Audio production for television, video, film, and recorded music sales is a large and growing enterprising, the foundation of much of the entertainment industry. Automation in the form of computerization is becoming more and more important as the basis of technical advances in this industry, to provide ability to mix and process more sophisticated and more voluminous audio input and to provide more flexibility in output. Computerization is also seen as a requirement for cost-effective competition. Manual instruments, systems, and techniques are, by comparison, increasingly more expensive to use.
The basic instrument of audio production is the production mixing console, a workstation presenting an interface to a sound engineer through which he or she may condition multiple channels of audio input, and mix the conditioned results into mono or stereo outputs for direct broadcast or for recording. A production mixing console, hereinafter a mixer, typically presents arrays of input devices, such as switches, knobs, and "faders", for an operator to set to condition and route audio signals. A fader is typically a slide rheostat through which an amplitude may be adjusted as a result of the linear position of the input lever relative to a track.

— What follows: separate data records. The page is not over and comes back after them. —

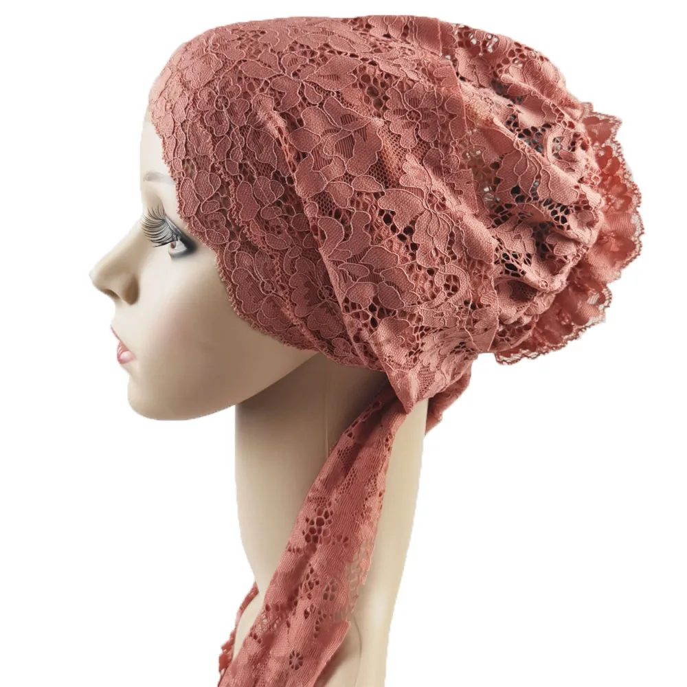 Turban en dentelle florale pour femmes musulmanes, bonnets arabes islamiques, chapeau de chimio, vêtements de sauna, chapeau Hijab, longue queue, Ramadan, casquette, nouveau |
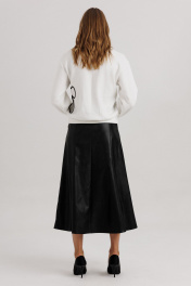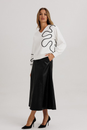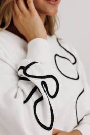 Эффектный элегантный блузон с контрастным кантом. Блузон из уютного трикотажного полотна, свободного прямого силуэта. Линия плеча чуть спущена, рукав прямой на зауженной манжете. Длина рукава вместе с плечевой линией 78 см. Из них 13 см: длина плеча и 65 см: длина рукава с напуском. Высота манжета 8 см. Декоративным элементом блузона выступает контрастный рисунок, напоминающий элементы лепестков цветочного узора. Расположены эти элементы ассиметрично, на одном из рукавов, также полочке и частично в боковом сегменте спинки блузона. Рисунок создан трикотажным кантом. Горловина оформлена угловым вырезом на полочке и оформлена притачным обтачным элементом. Низ блузона оканчивается притачной манжетой, высотой 7,5 см. Длина блузона по спинке изделия 61 см. (фурнитура может отличаться от представленной на рекламном фотоматериале)
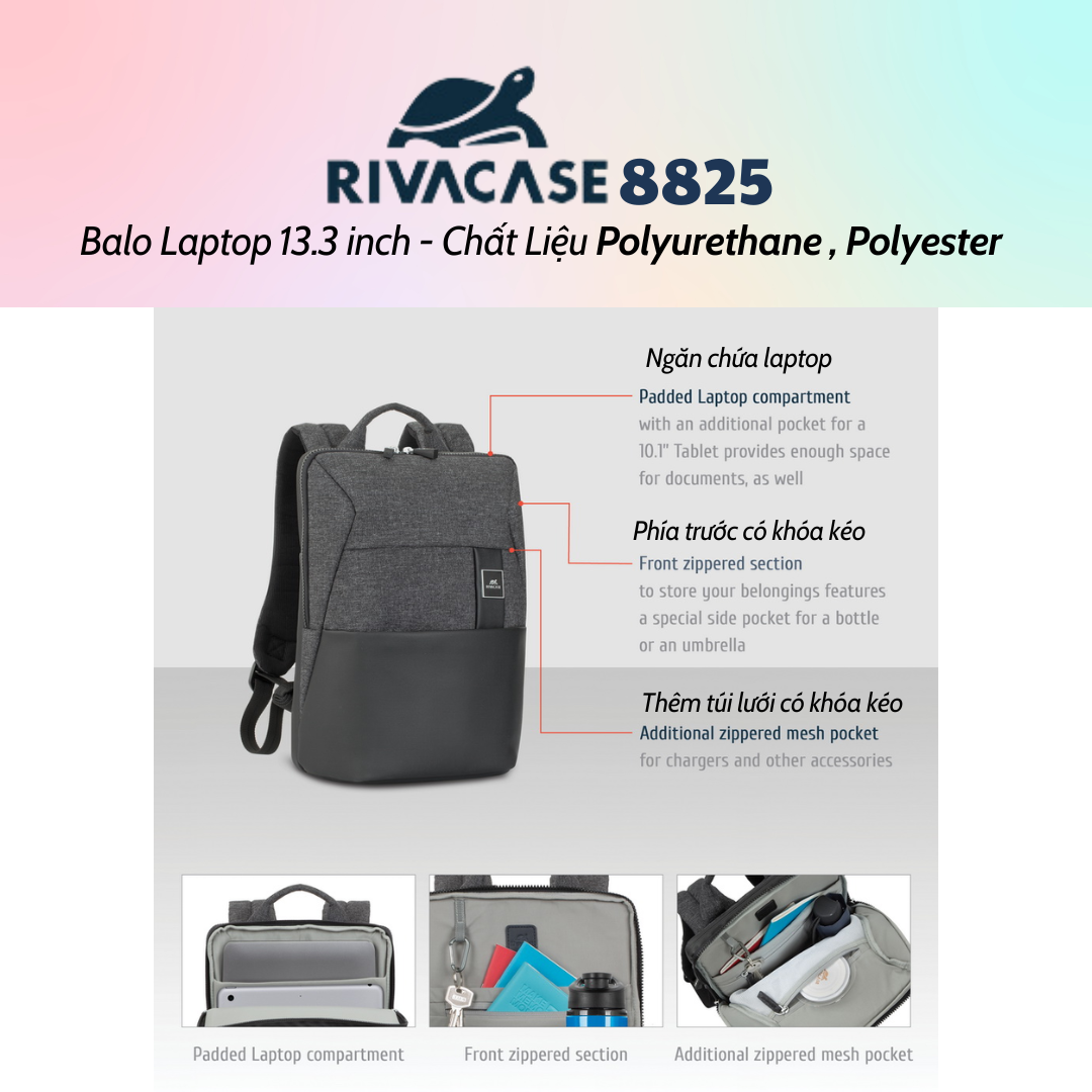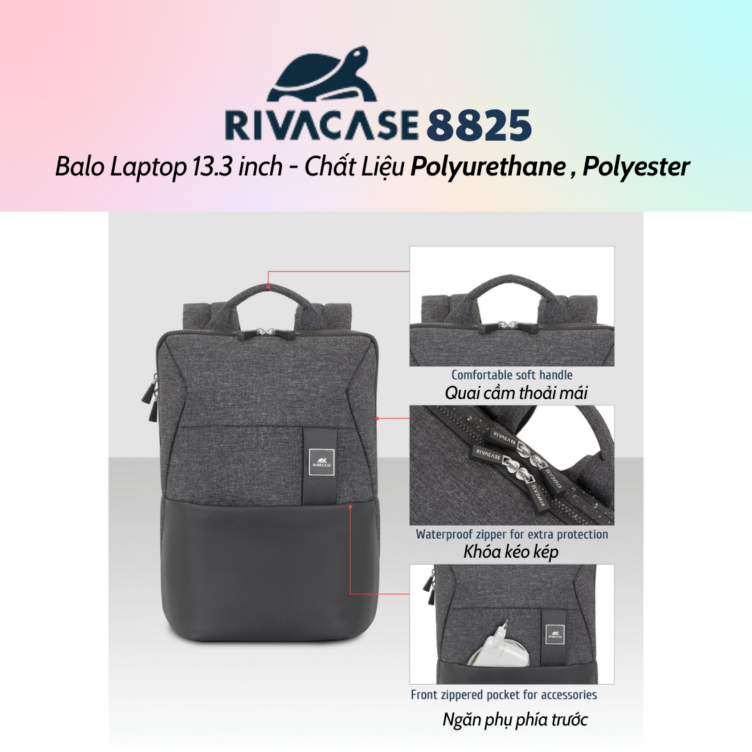 Ba lô Rivacase 8825 với các đường khâu kĩ lưỡng, tinh tế, được sản xuất bằng chất liệu giả da cao cấp và vải melange thời thượng, độ bền cao, sẽ giúp bảo vệ tối đa các vật dụng cá nhân cũng như các thiết bị quan trọng của người dùng. Mang thiết kế sang trọng và hợp thời trang, Rivacase 8825 phù hợp cho những chuyến du lịch, những chuyến công tác hoặc cho việc đi học, đi làm hằng ngày.

Mixers typically route audio input signals to individual channels, and each such channel has a repetitive layout of switches, knobs, and faders. For example, a single channel can have more than one input, such as a microphone input and an input from an instrument, a group of instruments, or a tape. Using the controls on a mixer an engineer can select microphone, line, and tape inputs, route the inputs to signal conditioning devices like faders and equalizers, and mix and route the output from the conditioning devices as well. There is typically a selective ability to monitor audio signals, such as by headphones, and often a microphone for talkback by the sound engineer operating the console.
Audio mixing, especially with digital techniques and computer control, is historically a rather recent development. When rock-and-roll music was first introduced there was no such device as a mixer. In the fifties, recording was done by direct input. Modern mixing was initiated about the time of the appearance of the Beatles, and the first units were highly individualistic. Through the sixties and early seventies direct audio mixers continued to be developed, and continued to be relatively small units with a few channels and were very unique in layout. In the mid-seventies standards began to appear, especially relative to layout of switches, rotary potentiometers, and faders. With a standard layout it became possible for a sound engineer to go from one studio to another, and take over the functions comfortably.
In the early development and well into the late seventies, mixers were completely manual. The audio signals were routed to the mixer, and directly through the switches, pots, and faders. In the 1980's automation began to appear in professional recording studios. With the continued development of automated audio mixing and the never-ending addition of new I/O features, the circuitry of consoles has become increasingly more complex. More switches, buttons, and dials mean crowded printed circuit boards. Contributing to the problem, the abundant use of pushbutton switches with light-emitting diodes (LED's) has doubled the density of printed circuit boards since separate circuits for the LED component and the signal component are required for each LED pushbutton installed.
A typical audio mixer console today may well have as many as several hundred LED pushbuttons, each having four leads. A large array of such pushbuttons pushes the density of circuitry to unmanageable proportions.
What is needed is means of separating signal circuitry for pushbuttons from the circuitry for lighting the LEDs in the pushbuttons. An arrangement allowing the circuits to be implemented on separate printed circuit boards would reduce the circuit density for each board and allow for expansion for future requirements. Also, the design and production of dense circuit boards is expensive. It would be more cost-effective to produce two simple boards than one complex one.